**Task to carry out**: The lines below must be transcribed exactly as given, with the images removed.

**Material provided**:
━━━━━━
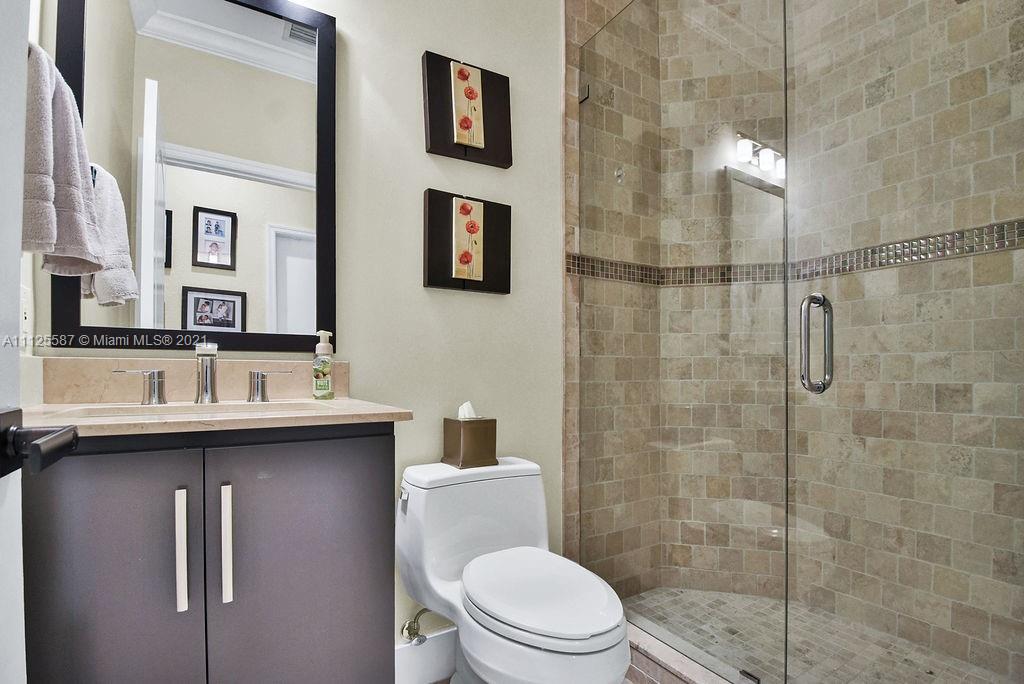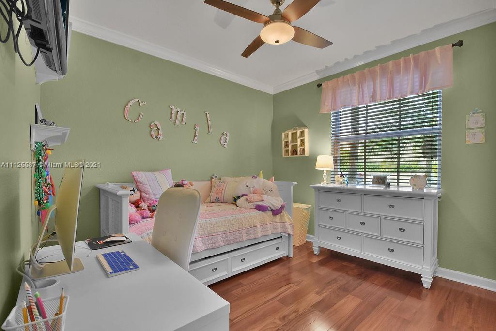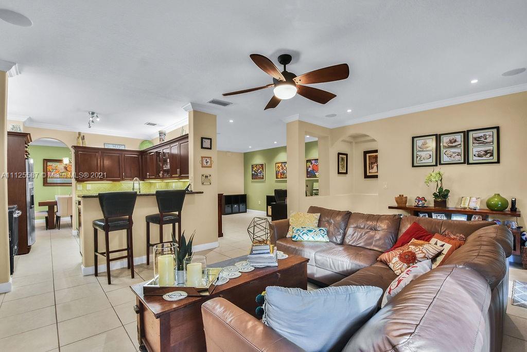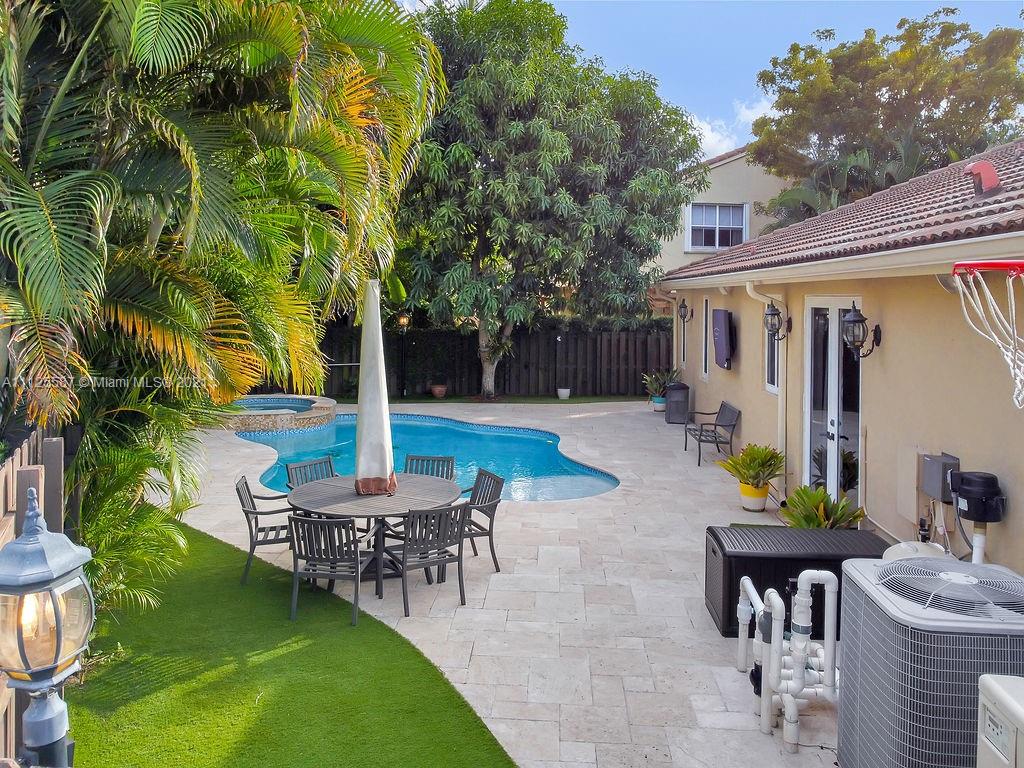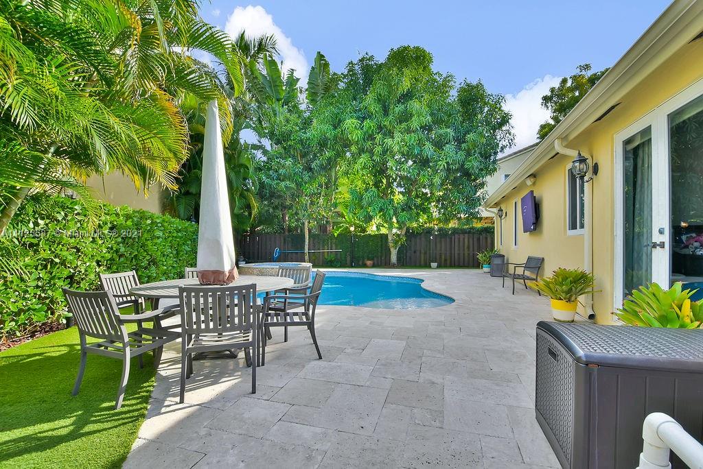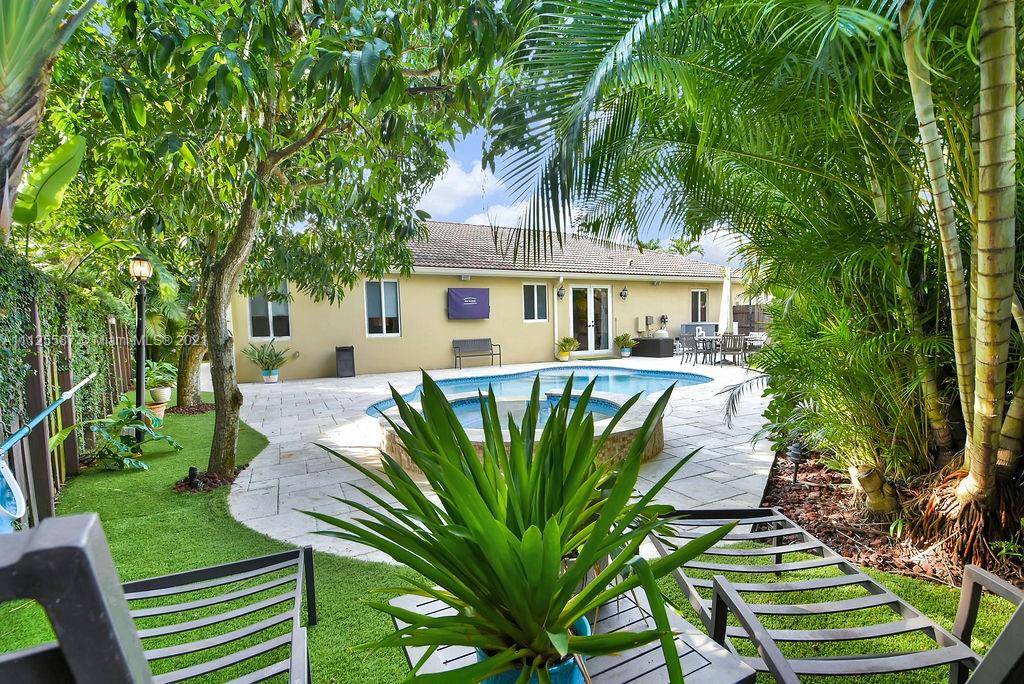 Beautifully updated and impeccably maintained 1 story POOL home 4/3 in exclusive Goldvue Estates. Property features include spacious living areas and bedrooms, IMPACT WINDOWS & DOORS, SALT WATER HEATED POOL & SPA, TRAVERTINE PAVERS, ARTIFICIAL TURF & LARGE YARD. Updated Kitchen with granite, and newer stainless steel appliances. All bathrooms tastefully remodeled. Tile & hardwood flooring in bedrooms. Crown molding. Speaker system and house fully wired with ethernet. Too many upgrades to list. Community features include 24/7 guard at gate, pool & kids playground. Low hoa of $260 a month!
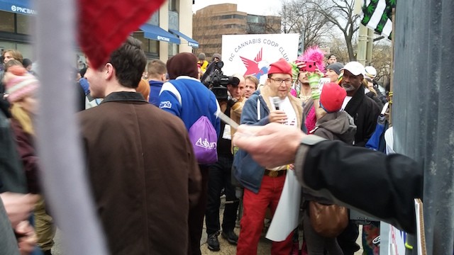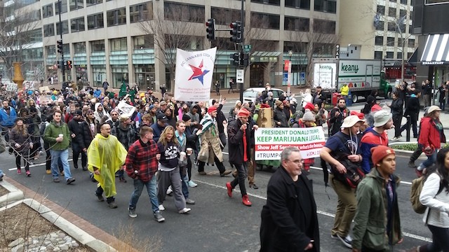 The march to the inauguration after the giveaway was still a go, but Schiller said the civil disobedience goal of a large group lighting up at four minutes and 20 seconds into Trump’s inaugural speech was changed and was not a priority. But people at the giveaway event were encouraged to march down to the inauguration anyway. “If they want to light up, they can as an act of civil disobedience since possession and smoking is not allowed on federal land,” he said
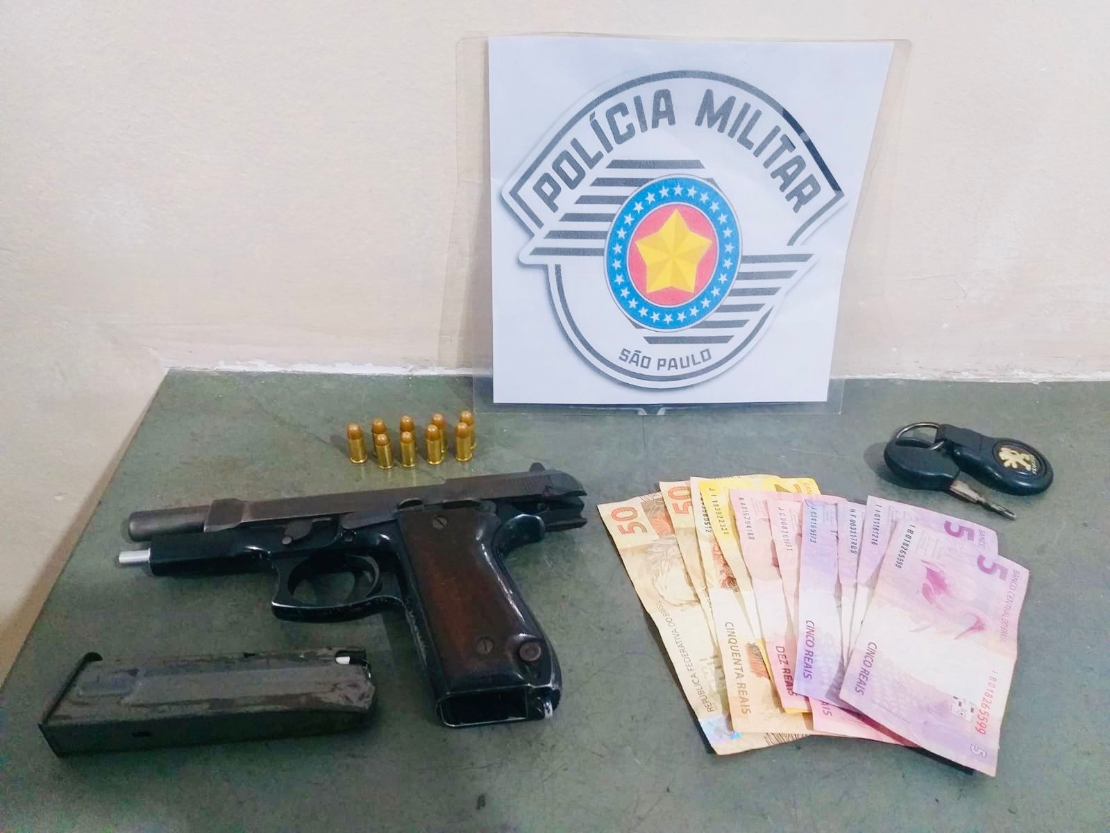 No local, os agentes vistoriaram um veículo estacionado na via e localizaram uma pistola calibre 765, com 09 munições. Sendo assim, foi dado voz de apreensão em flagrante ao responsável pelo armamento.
━━━━━━
**Result for this exercise**:
 Beautifully updated and impeccably maintained 1 story POOL home 4/3 in exclusive Goldvue Estates. Property features include spacious living areas and bedrooms, IMPACT WINDOWS & DOORS, SALT WATER HEATED POOL & SPA, TRAVERTINE PAVERS, ARTIFICIAL TURF & LARGE YARD. Updated Kitchen with granite, and newer stainless steel appliances. All bathrooms tastefully remodeled. Tile & hardwood flooring in bedrooms. Crown molding. Speaker system and house fully wired with ethernet. Too many upgrades to list. Community features include 24/7 guard at gate, pool & kids playground. Low hoa of $260 a month!
 The march to the inauguration after the giveaway was still a go, but Schiller said the civil disobedience goal of a large group lighting up at four minutes and 20 seconds into Trump’s inaugural speech was changed and was not a priority. But people at the giveaway event were encouraged to march down to the inauguration anyway. “If they want to light up, they can as an act of civil disobedience since possession and smoking is not allowed on federal land,” he said
 No local, os agentes vistoriaram um veículo estacionado na via e localizaram uma pistola calibre 765, com 09 munições. Sendo assim, foi dado voz de apreensão em flagrante ao responsável pelo armamento.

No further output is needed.